# Spring Turkey



## AnglinMueller

Hey guys. This is only going to be my second season turkey hunting(didn't get one last year but saw a few come in pretty close). I live in southwest Ohio and I'm pretty much limited to hunting only public land. I was hoping that some of you gentlemen/ladies on here might be able to give me some advice/tips on the spring turkey season i.e. calls to use and when to use them and what to look for while scouting and such. Thanks in advance for any help folks.


----------



## buckeyebowman

Well, if you're confined to hunting public land, I would suggest that you do a ton of scouting and keep your voice down. By keeping your voice down I mean don't call too loudly. 

If there's snow down out there now, get out and look for tracks. Once the snow is gone it's questionable whether you'll find any sign except in the softest spots or a dropped feather once in a while. Look for the thickest places they frequent. Find a place that you think is likely for a setup. If you do set up there and are tempted to call, keep your calls quiet! 

I belong to a hunting club that has plenty of turkey on it, but it might as well be public land! There are all kinds of yahoos out there just cranking away on turkey calls as if they believe that the gobblers out there are all hard of hearing! The birds have gotten extremely call shy.

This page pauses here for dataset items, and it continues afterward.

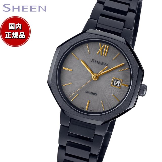 クールなブラックにゴールドを合わせた、華やかなモデルです。ブラックIP処理を施した質感の高いケースとバンドに、ゴールドカラーのインデックス・針を合わせることで煌びやかさを加えました。ベースモデルには、丸ダイアルに八角形のケースを合わせたフェイスがシャープでエレガントなSHS-4529を採用しています。機能面では、定期的な電池交換の手間を軽減するソーラー充電システムや日付表示を搭載。また、傷がつきにくい高硬度の反射防止コーティングサファイアガラス、5気圧防水機能も備えています。秋冬ファッションをエレガントに演出する、Newモデルです。【カシオ シーン CASIO SHEEN 2023 新作】
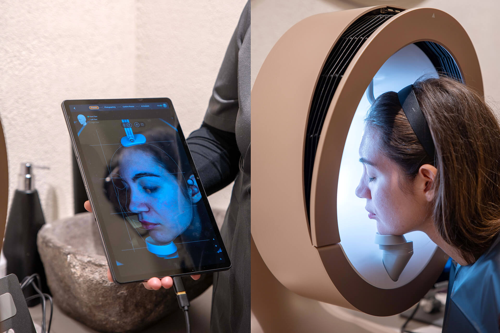 Με ειδικό μηχάνημα εξετάζουμε τον τύπο και τις ανάγκες της επιδερμίδας σου.
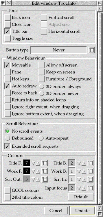 As we saw back in Section 12.3, we can turn off the bits of the window furniture that we don’t want on our dialogue. As part of a menu, the only tool that we want is the title bar, so untick all of the other switches in the Tools section. Also, as a dialogue box in a menu, the title bar should never change colour to indicate input focus (which we will meet in Chapter 27): we achieve this by changing the Input focus colour from 12 to 2 (which is the same as the default Title B. colour).
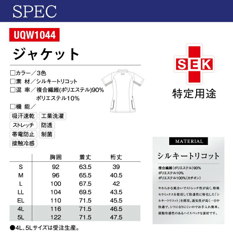 他の画像を見る 【le coq sportif】上品で爽やかな印象のあるジャケット。薄さと透けにくさが両立したシルキートリコット素材使用。 医療用ジャケット ケーシー 半袖 女性用 レディース UQW1056 le coq sportif ルコックスポルティフ スクラブ 病院 医師 看護 薬局 薬剤師 スタッフ 制服 工業洗濯対応 ストレッチ 吸汗速乾 防透 帯電防止 SEK 接触冷感 通気性 お手入れ簡単 ゆったり かわいい おしゃれ 上品 本体価格 ¥ 7,667 税込 在庫切れ カートに入れる お気に入りに登録する
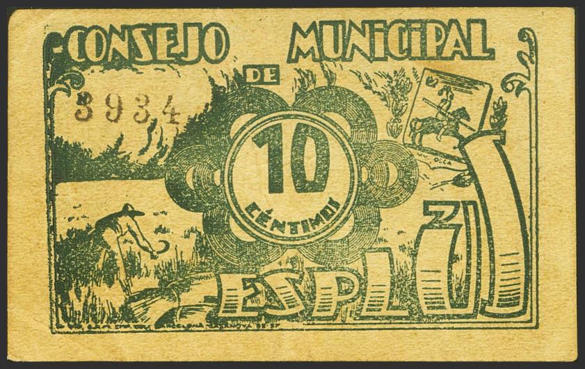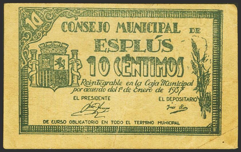 ESPLUS (HUESCA). 10 Cents. January 1, 1938. (González: 2344). Unusual. Good Very Fine.

That's why I say find the thick stuff, and be subdued in your calling. Quiet hen purrs, clucks and yelps are better than hammering away as loud as you can. Birds have no sense of smell, so gobblers have to locate hens through sound and sight alone. That's why we use calls and decoys. But they've learned to be wary of calling that is a bit too "obvious".

Also, if you can be out the evening before a hunt and "put some birds to bed", that can give you a leg up. That means being in the woods when the birds fly up into their roost trees. Believe me, if you are anywhere nearby you will hear it. As you will hear them fly down in the morning.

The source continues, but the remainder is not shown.